US not worried about ‘Manchurian’ bets winning PH polls
MANILA, Philippines — The United States is not concerned about “Manchurian candidates” in the Philippines’ election in May, a senior policy adviser to US Secretary of State Antony Blinken said Wednesday, citing the longstanding relationship between the two countries.
Journalists at a roundtable discussion specifically asked Derek Chollet, US State Department counselor, about the issue.
“No,” Chollet said. “We feel very strong about the partnership here, and we, of course, are watching the election closely because we care about democracy in the Philippines.”
“We feel confident that whomever is elected will uphold the trajectory that our relationship has been on for decades and build on the very solid foundation that we’ve established together to meet our shared challenges because, of course,” he further said.
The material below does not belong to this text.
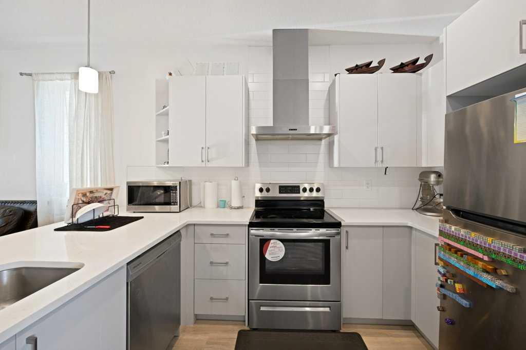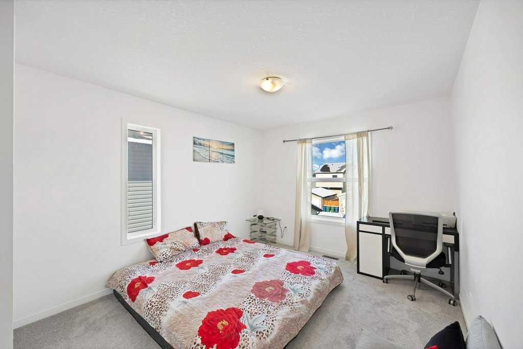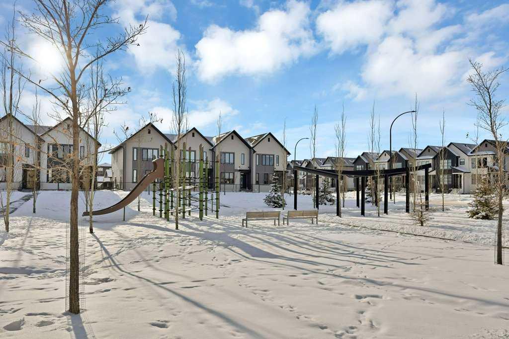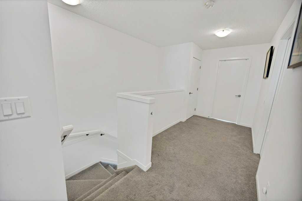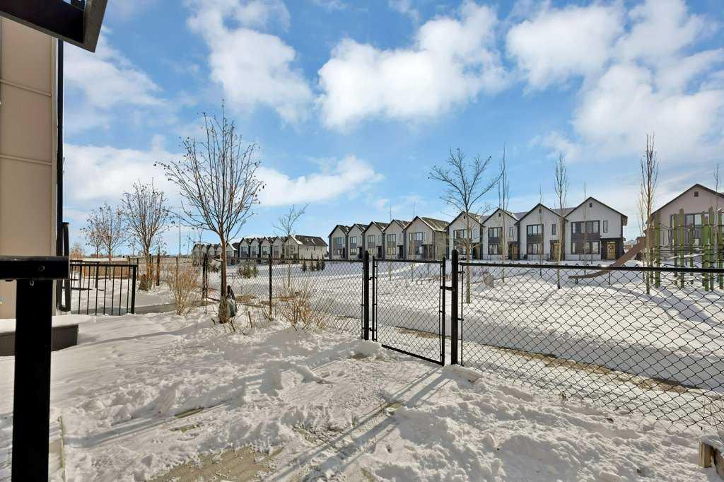 Welcome to this No Condo Fees townhouse, corner lot in the heart of Airdrie.! Discover exceptional value in this 2022-built centre-unit row townhouse, combining modern design, energy efficiency, and an unbeatable location. . This corner unit offers bright, neutral interior and low-maintenance laminate flooring to create a fresh, contemporary feel throughout the open-concept main floor. At the entrance, you're welcomed with an open floor plan, with a den, a large living area, a separate dining area, and a large kitchen with stainless steel appliances. The impressive kitchen features quartz countertops, stainless steel appliances, ample cabinetry, and plenty of workspace—perfect for both daily use and entertaining. Backyard is equipped with a large concrete patio and a double detached garage, perfect for your winter escape. The upper level is thoughtfully designed with three generous bedrooms, a convenient laundry room, and a versatile office perfect for home working individuals. The primary suite overlooks a beautifully maintained green space and includes a walk-in closet and a private 4-piece ensuite. Two additional bedrooms are served by a full main bathroom. The semi-finished basement provides excellent potential for future development, A standout feature is the detached, insulated double garage paired with a double parking pad.

A “Manchurian candidate” is a significant political figure or official covertly controlled by a foreign power. The term came from a popular 1959 political thriller, “The Manchurian Candidate,” by Richard Condon. A film version of the same title came out in 1962.
Previously, former Foreign Affairs Secretary Albert del Rosario urged voters not to choose candidates who were proving to be beholden to China. He warned that their victory in the May 9 polls would be “incomprehensibly catastrophic” for the country.
Meanwhile, Chollet said the US was “looking forward to working with whomever is elected.”
“The relationship between our two countries is not just a government-to-government, a president-to-president, you know. Better than [that], it’s society-to-society. It’s people to people,” he said. “These are relationships that go back decades and so we feel like it is strong and that it can get stronger.”
In case Marcos wins
Chollet was also asked about the possibility of former Sen. Ferdinand “Bongbong” Marcos Jr., who is the frontrunner in presidential pre-elections surveys, winning the elections and how Washington could ensure this would not influence the Marcos family’s cases in the US.
“I’m not going to get into any specifics here. I don’t want to speculate in terms of who the winner will be. All I can say is that whoever the winner is, we look forward to working closely with them and we will engage early and often with the new leadership here in Manila,” he said.
In 2012, a US Court of Appeals for the Ninth Circuit handed down a contempt judgment against Marcos Jr., his mother Imelda, and the estate of Ferdinand Marcos for violating an injunction that barred them from dissipating assets of the estate.
The contempt award meant that the Marcoses would not be allowed to set foot on any US territory.
Thousands of martial law victims also won a class action lawsuit for human rights violations against the estate of dictator Ferdinand Marcos in Hawaii in 1986, where they were awarded close to $2 billion.
In the upcoming elections, the US is also looking to send in observers in coordination with the Commission on Elections (Comelec).
“We in the embassy, working with Comelec, to field some embassy teams,” said Chargé d’Affaires ad interim Heather Variava of the US Embassy in Manila.
“I know there are some civil society organizations in the United States that are interested in coming to observe the elections as well and [we] providing support to connect them to Comelec and do it under the auspices of the Comelec observation program. We’re very much looking forward to doing that,” she added.